I’m currently optimizing/restructuring some code which needs to access sparse, random, single words from large amounts of device memory… just about the worst case memory access pattern for CUDA! Unfortunately my code is memory bandwidth bottlenecked. This has led to some questions, not about my code, but just about CUDA and GPU memory access in general.
We know that current CUDA GPUs access memory in half-warp segments. Compute device 1.2 coalescing is much more versatile than earlier devices in that you don’t need to keep queried addresses in order as long as all the threads in the half-warp read from the same segment.

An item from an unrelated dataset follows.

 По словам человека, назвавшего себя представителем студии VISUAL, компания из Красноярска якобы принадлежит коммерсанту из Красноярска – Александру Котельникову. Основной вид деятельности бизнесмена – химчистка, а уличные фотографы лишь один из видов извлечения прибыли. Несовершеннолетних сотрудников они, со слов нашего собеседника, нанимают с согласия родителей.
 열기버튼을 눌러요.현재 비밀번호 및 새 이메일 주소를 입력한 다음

There’s a lot of detail in the programming guide in Chapter 5. This documents that in device 1.2+ (G200), you can use a transaction size as small as 32 bytes as long as each thread accesses memory by only 8-bit words. If you access by 16-bit words, your transaction size is 64 bytes. If you access by 32 bit words, your transaction size is 128 bytes.
These are all assuming the addresses you query are within the same memory segment.

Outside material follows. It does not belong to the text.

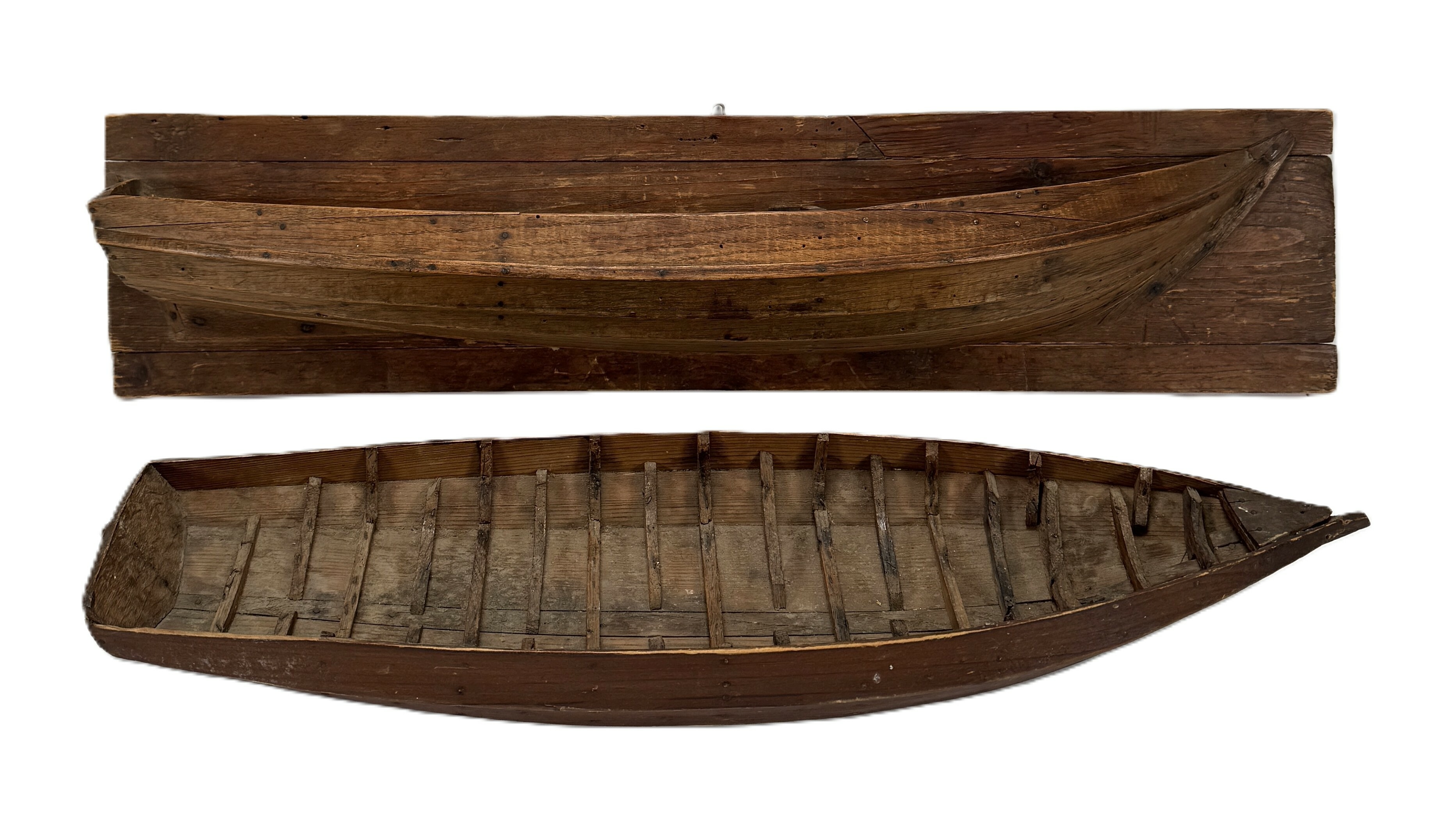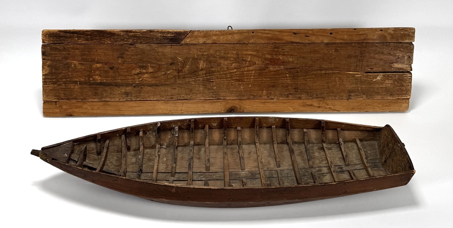 Een houten scheepsbouw halfmodel op een plank en een model van een ondiepe romp met spanten, vervaardigd uit gebeitst hout door middel van overnaadse beplanking. De maritieme voorwerpen dateren uit de eerste helft 20e eeuw (circa 1900-1940.) Registreren nu en bied eenvoudig online mee op de scheepsmodellen! |
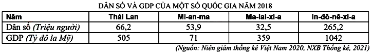 Cho bảng số liệu:Theo bảng số liệu, cho biết quốc gia nào có thu nhập bình quân đầu người

But these query-size dependencies bother me. I’m not sure why the size of the word you access should make any difference. From the docs, it sounds like you’d get three different behaviors as follows:
__global__ kernel(char *deviceArray)
{
char c=((char *)deviceArray)[0]; // reads via a 32 byte transaction
short s=((short *)deviceArray)[0]; // reads via a 64 byte transaction
int i=((int *)deviceArray)[0]; // reads via a 128 byte transaction
}
If I run a speed test on a 280GTX with actual code, I don’t see any speed difference between the three cases.

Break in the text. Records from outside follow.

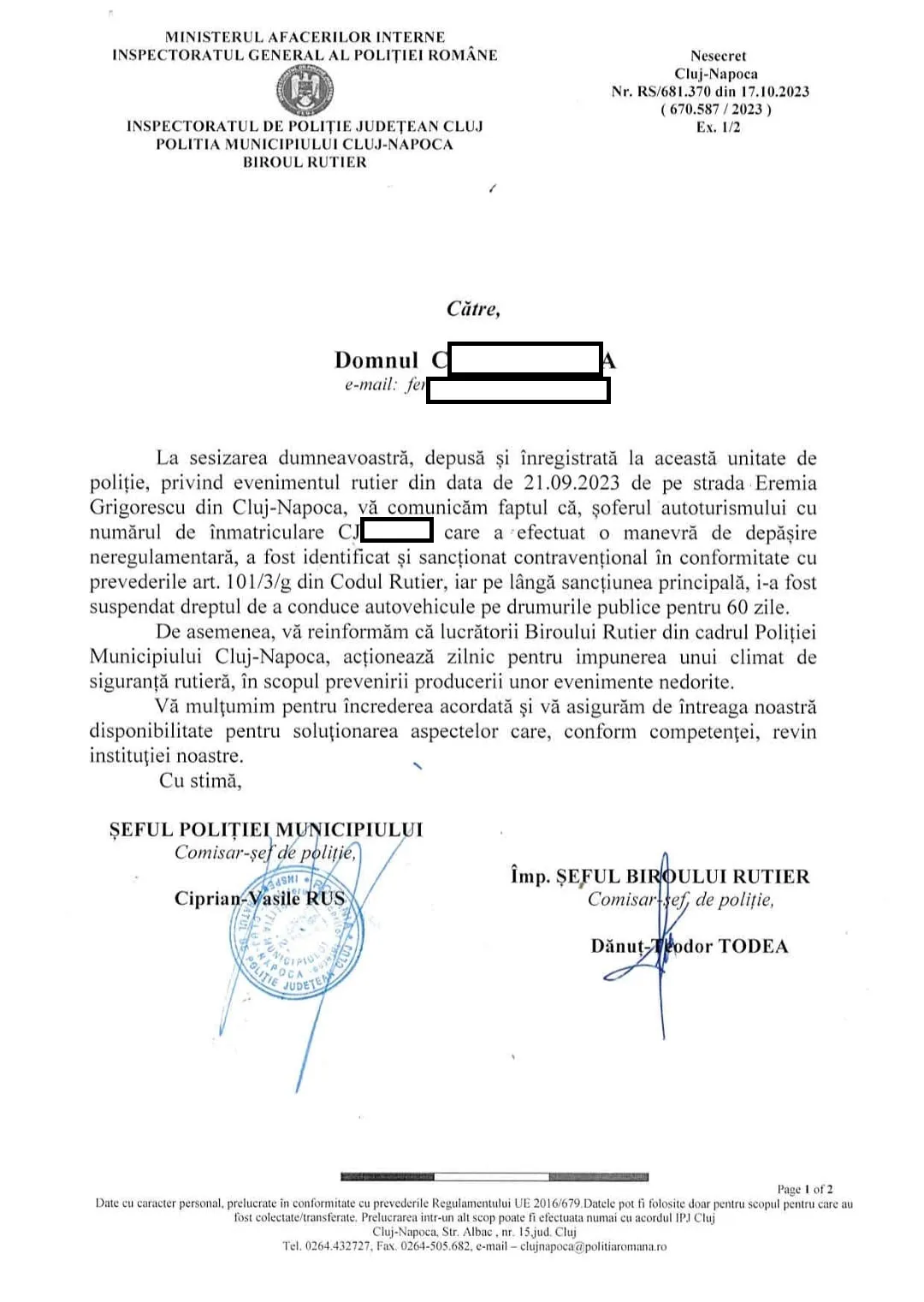 ”La sesizarea dumneavoastră, depusă și înregistrată la această unitate de poliție, privind evenimentul rutier din data de 21.09.2023 de pe strada Eremia Grigorescu din Cluj-Napoca, vă comunicăm faptul că, șoferul autoturismului cu numărul de înmatriculare CJ-2*-*** care a efectuat o manevră de depășire neregulamentară, a fost identificat și sancționat contravențional în conformitate cu prevederile art. 101/3/g din Codul Rutier, iar pe lângă sancțiunea principală, i-a fost suspendat dreptul de a conduce autovehicule pe drumurile publice pentru 60 zile.
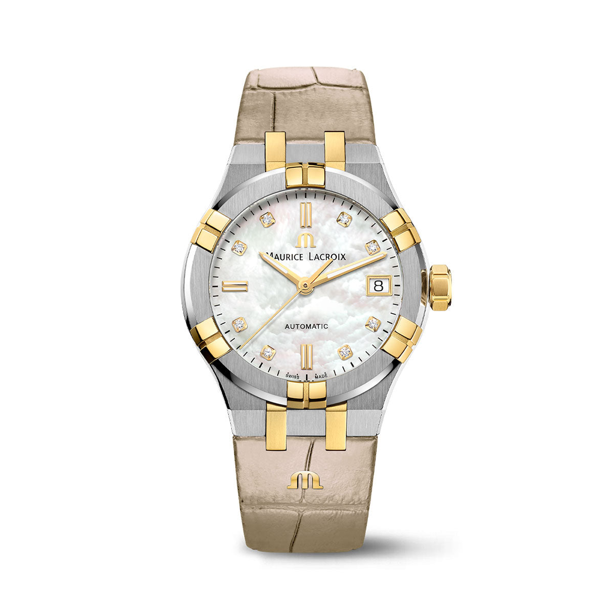 - РЕМЕШОК: Бежевый ремешок из телячьей кожи с логотипом Maurice Lacroix «m».
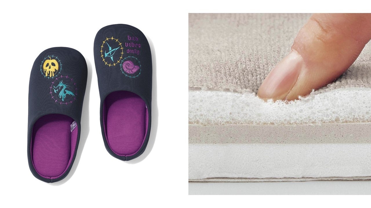 ・「ヴィランズ」に関係するモチーフが刺繍されているスリッパ

Now the programming guide goes on to give “more precise” details which say that if the queried addresses are all acceptable, 64 byte transactions might be reduced to 32, and 128 byte transactions might become 64.
However my speed tests show that the 128 byte read of ints is indeed the same speed as chars, so it sounds like the 128 byte read is being reduced down to 32.
Again, this makes a lot of sense, but it’s clearly not what the programming guide says either in its general description or its “more precise” followup.
So it may just be the language in the programming guide… admittedly it’s trying to explain a set of hardware access rules using English and that’s always a challenge.
So two questions:
-
Is the programming guide wrong, and it’s possible to use 32 byte memory transactions even when reading/writing 32-bit ints (as long as they all fall in the 32 byte segment)? I think this is true.
-
Out of curiosity, what part of the hardware limits the transaction size? (Ie, why doesn’t it allow even tiny 4 byte transactions?). Is it based on the fact that each memory chip holds one slice of memory, so reading a transaction multiplexes the query to each RAM chip and pulls say 16 bits from each? Or is it some limitation of the GPU memory controller, simplifying its transistor usage by dealing with fewer memory chunks of larger size? Or some other optimization?
-
CPUs also access memory in transaction chunks. I think modern Intel Core CPUs use 64 bytes as well, since that’s their CPU cache line size. Are those transaction sizes limited the same way as GPUs, where it’s some multiplexed RAM chip query? Or what’s the tradeoff?
In my G300 wishlist, I’d like to put “allow smaller device memory transaction sizes”. G300 is taped out already, so please move my wish to G400’s wishlist if necessary. :-)